You Can Call Me Al....
It’s been happening for almost a month now, starting sometime in that hazy, post-Christmas, pre-back to work phase - a time when the 12 Days of Christmas transitions from annoying repetitive banter-ditty to something more ominous: a warning that this period of indulgence is drawing to a close, and empty new year’s resolutions can do nothing to stop that door slamming.

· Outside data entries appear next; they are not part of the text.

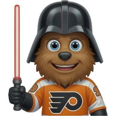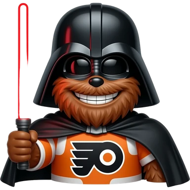 Create a gritty emoji. Philadelphia flyer mascot Gritty’s face. with darth vader lightsaber emoji
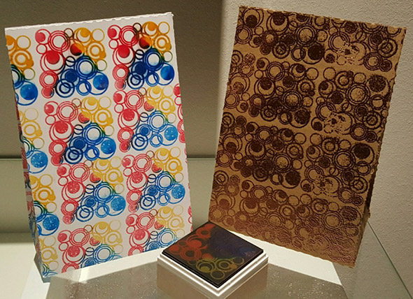 Für diesen Beitrag habe ich einen Stempel mit Kreisen in 45×45 mm erstellt und in gelb, blau und rot eingefärbt.
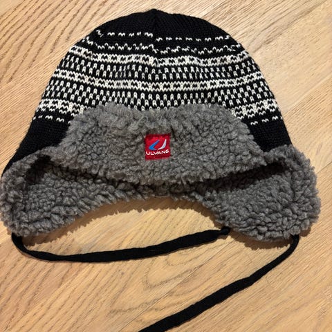 Ulvang Bugøynes lue selges - den har foret innside for ekstra varme og knytebånd for feste under haken.
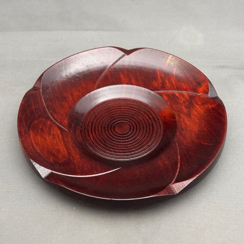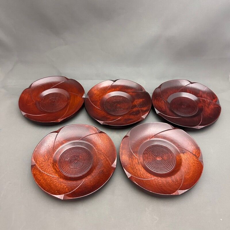 花びらをかたどった優美な輪郭が目を引く、木製の4.0寸茶托5枚組です。
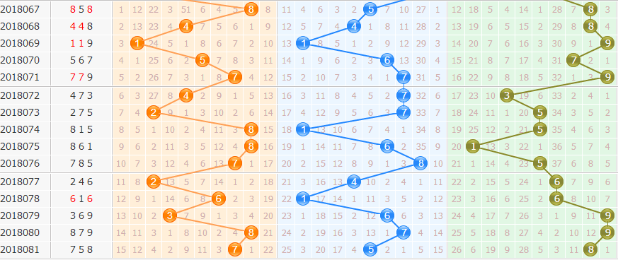 十位:近期十位上的跨度走势(0-0-6-5-2-4-3-5-1-2),根据跨度公式推算,本期留意跨幅大跨隔期开出,防小跨连续出号,推荐小跨2、3防大跨5。推荐号码0、3、8
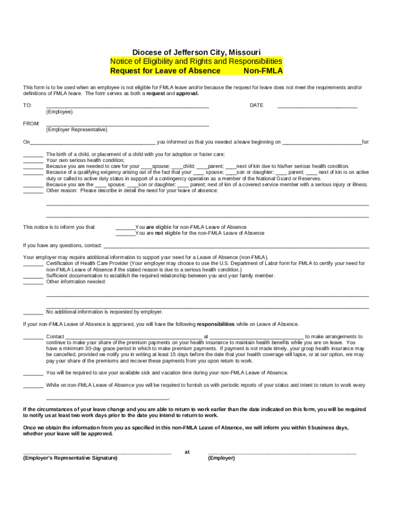 What is Notice of Eligibility and Rights and Responsibilities Request for Leave of Absence Non-fmla Form?
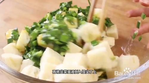 再将韭菜蛋液倒入馒头丁上,翻拌均匀
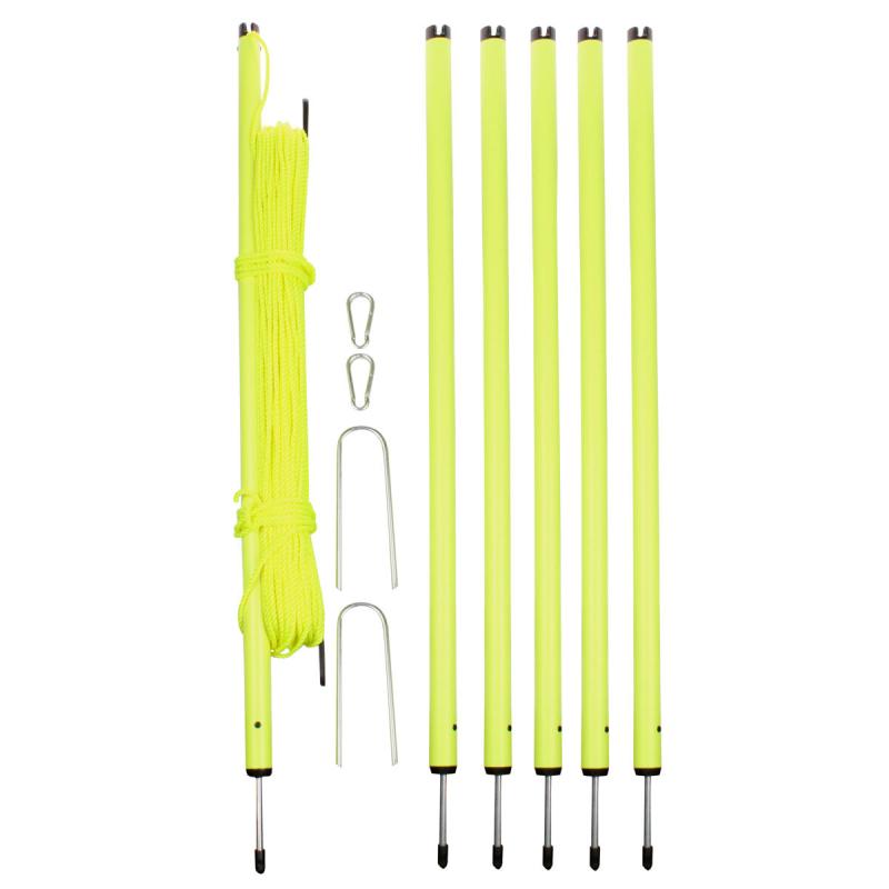 Praktický vytyčovací systém pro rychlé a stabilní vymezení prostoru venku, obsahuje tyče, lanko a příslušenství v přenosném vaku. Zobrazit celý popis
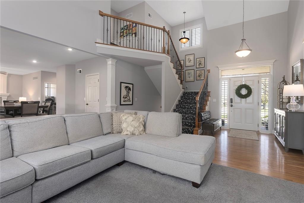 From the moment you step inside this 1.5 story Thousand Oaks home you will be drawn to a light-filled interior where natural light pours through large windows, highlighting the stunning vaulted great room—an inviting space perfect for gathering or relaxing. The open flow creates a warm and airy feel throughout the main living areas. At the heart of the home, the kitchen, dining area, and cozy hearth room seamlessly connect—creating a warm and inviting space where everyone naturally gathers. With easy access to the deck, this central hub is perfect for indoor-outdoor living, whether you’re hosting guests or enjoying a quiet evening at home. Four bedrooms provide plenty of room but the basement offers tons of storage and opportunity for a 5th bedroom if needed. The basement is a true standout, complete with a projector setup—ideal for movie nights, game days, or hosting friends and family. The walk out basement takes you to your own private retreat. A charming paver patio provides additional space for entertaining, dining, or simply unwinding in the backyard. This home truly has it all—thoughtful design, great indoor and outdoor living spaces, and a setting that feels like your own private escape.
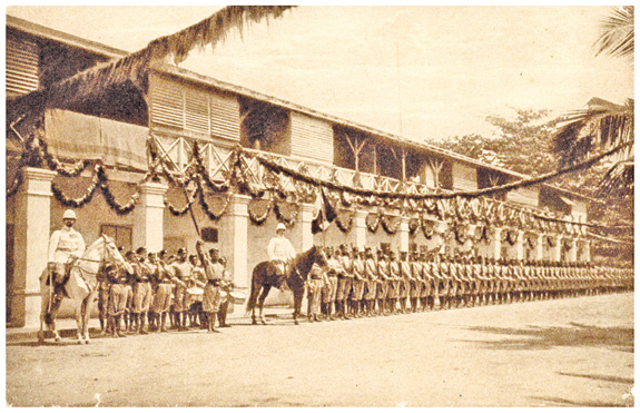 ca.1900: ungebrauchte Litho-Ansichtskarte "Polizeitruppe in Lome"
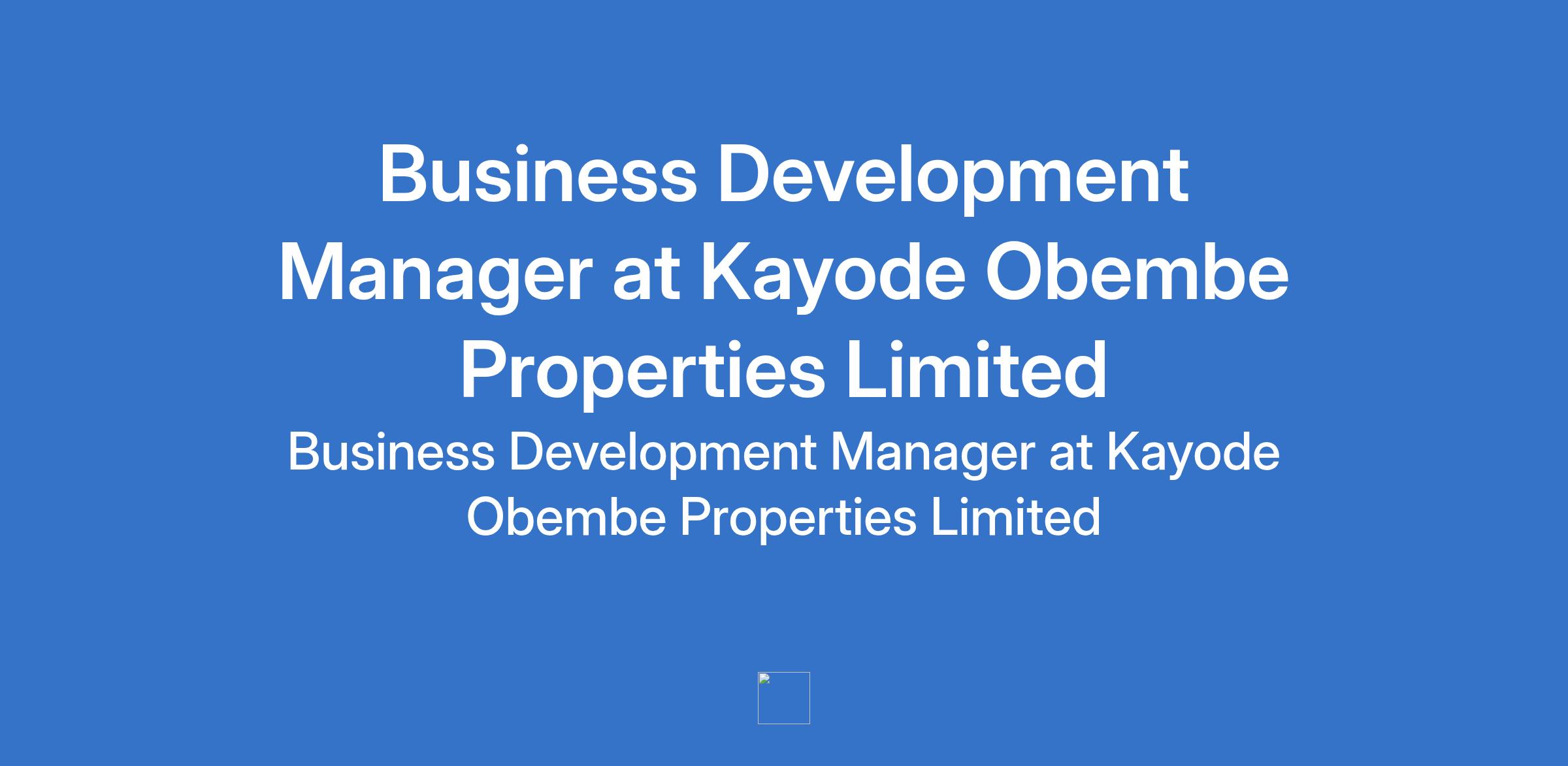 Kayode Obembe Properties Limited is recruiting to fill the position of: Business Development Manager. The position is located in Ajah/Chevron, Lagos State. Interested candidates should possess relevant qualifications and candidates should reside around Lekki and it's environs.

So again, sometime during that period of equal parts indulgence and malaise, it started happening. At first, it felt like a one-off, nothing to really dwell on - simply an emergence from sleep to the sound in my head of a strangely synchronized synth-line, a call and response of chord resolution, the kind that could only have been written during that weird period from 1984 to 1987 that has come to be known as the ‘Eighties.’ I also noticed a slightly unsettling, wordless, percussive vocal. But again, it was the waking period and who doesn’t have the occasional, unexplainable waking moment? But day by day, new elements were added to the synth/vocal-percussion foundation. First there was a fleeting image of Chevy Chase, and then a sketchy image of a little person (too much Game of Thrones? No that can’t be it - I haven’t watched that lately, and I’ve never seen Twin Peaks.)
You can be….
Roll over in bed, clutch the pillow and try to fall back asleep….
You can call…
I can be what? Who the hell can I call? Why is my waking consciousness providing me with this range of meaningless options? Before I can consider this question, the keyboard refrain kicks in again, but this time more urgent, more threatening.
Chevy Chase….
Unidentified, yet strangely familiar, vertically challenged person…
Duh dedede….Duh dedede
What the hell is going on? Is it my alarm? Is there something in that Android chime that is triggering this?
You can be my bodyguard….
What a second...no it can’t be...can it?
You can call me Al!
Oh please God no! Why?
And suddenly I know the fear and trepidation that must have haunted Art Garfunkel and Carrie Fisher for years. That’s no dwarf - that’s Napoleon with a guitar. Why is this happening to me? Is it because I relentlessly made fun of Ryan for liking Graceland? I’ve been much better lately (one of my new year’s resolutions was to stop needlessly winding up colleagues.) So why now? Why me?
You Can Call Me Al is now a fixture of my waking routine, and it seems there is nothing I can do to fight it. All I can do is search for deeper, underlying reasons. I fear I might not like what I find.